Comment: One commenter provided comments focused on safety
technology, which requested that FTA update the model bus safety
program to account for advances in technology since the program was
last amended, including an update to include a mandate for advanced
driver assistance systems (ADAS) on transit vehicles.
FTA Response: FTA acknowledges the importance of safety technology.
The substance of these comments, however, is outside the scope of the
urbanized area formula grant programs discussed in C 9050.1A. FTA
provides and maintains safety information and resources independently
of the circulars on a publicly available website, https://www.transit.dot.gov/regulations-and-guidance/safety/transit-system-safety.
Comment: One commenter requested additional guidance or training
focused on responsibilities of MPOs during the metropolitan
transportation planning process.
[[Page 79352]]
FTA Response: MPOs play an integral role in the planning and
approval of transportation projects, including those financed with
formula funding offered through 49 U.S.C. 5307, 5337, and 5339(a).

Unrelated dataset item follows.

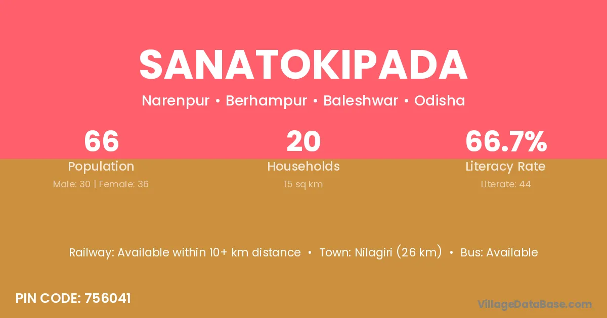 Nilagiri (26 km) is the nearest town to Sanatokipada village for major economic activities and is located approximately 26 km away.

However, the commenter's proposals are outside of the scope of the
formula funding programs discussed in the circular. FTA acknowledges
that additional technical assistance may be beneficial and will
consider the substance of the comments in any future training and
guidance provided to recipients regarding MPO programs. Please also see
FTA's resources about MPOs at https://www.transit.dot.gov/regulations-and-guidance/transportation-planning/metropolitan-planning-organization-mpo.

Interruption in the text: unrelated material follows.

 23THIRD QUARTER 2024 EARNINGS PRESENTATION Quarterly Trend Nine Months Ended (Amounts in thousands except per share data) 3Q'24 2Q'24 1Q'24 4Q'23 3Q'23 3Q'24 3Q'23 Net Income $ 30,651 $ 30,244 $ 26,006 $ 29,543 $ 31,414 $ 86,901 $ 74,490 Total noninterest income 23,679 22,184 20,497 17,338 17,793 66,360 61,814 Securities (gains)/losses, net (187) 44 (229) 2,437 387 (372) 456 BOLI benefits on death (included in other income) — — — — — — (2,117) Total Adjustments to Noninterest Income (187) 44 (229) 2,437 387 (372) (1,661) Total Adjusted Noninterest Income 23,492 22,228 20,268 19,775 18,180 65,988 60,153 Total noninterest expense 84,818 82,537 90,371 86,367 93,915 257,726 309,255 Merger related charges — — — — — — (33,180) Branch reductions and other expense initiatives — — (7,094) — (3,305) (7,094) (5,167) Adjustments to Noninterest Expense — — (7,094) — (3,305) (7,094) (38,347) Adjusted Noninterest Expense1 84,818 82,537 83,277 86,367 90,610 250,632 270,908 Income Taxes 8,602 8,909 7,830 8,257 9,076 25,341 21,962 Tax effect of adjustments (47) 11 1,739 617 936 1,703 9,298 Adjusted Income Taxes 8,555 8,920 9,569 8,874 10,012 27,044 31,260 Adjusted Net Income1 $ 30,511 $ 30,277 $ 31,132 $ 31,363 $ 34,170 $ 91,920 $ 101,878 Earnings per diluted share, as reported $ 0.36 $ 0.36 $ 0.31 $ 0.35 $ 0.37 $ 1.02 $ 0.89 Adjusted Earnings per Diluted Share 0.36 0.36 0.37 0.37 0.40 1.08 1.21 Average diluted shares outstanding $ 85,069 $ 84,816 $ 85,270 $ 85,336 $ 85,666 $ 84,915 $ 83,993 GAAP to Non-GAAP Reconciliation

Comment: One commenter requested FTA to include intercity bus
considerations as a part of planning justifications in Chapter IV of
the circular. The commenter also noted that FTA's circular, FTA C
8100.1D ``Program Guidance for Metropolitan Planning and State Planning
and Research Program Grants,'' refers to the need for States and MPOs
to provide intercity bus operators and other stakeholders a reasonable
opportunity to comment on transportation plans. The commenter requested
the C 9050.1A section on planning justifications require improved
timely intercity bus consultation processes by States and MPOs. The
commenter also provided recommendations on the preferred method for the
States and MPOs to engage with intercity bus carriers and the timing
for when they can provide input on plans. Similarly, the commenter
requested FTA highlight the intercity bus consultation component of
planning under Chapter V where additional planning requirements are
discussed. The commenter also noted that the language in Chapter V
stating that the local coordinated planning process ``may also include
consideration of the intercity bus transportation needs of the targeted
population of seniors and individuals with disabilities'' is too
permissive.
Response: FTA declines to make a change in response to the
comments. FTA declines to incorporate the recommendations under the
planning justifications section in Chapter IV or in Chapter V in this
circular because the more appropriate venue for planning-specific
guidance is FTA C 8100.1D, which addresses the planning requirements
carried out by States and MPOs. The scope of C 9050.1A, on the other
hand, is to address the administration of urbanized area formula grant
program funding under Sections 5307, 5337, and 5339(a), in which there
are no provisions regarding intercity bus.
Comment: One commenter requested continued engagement with MPOs and
other stakeholders and requested FTA provide a cross-reference guide to
assist MPOs in understanding the updates in terminology in C 9050.1A.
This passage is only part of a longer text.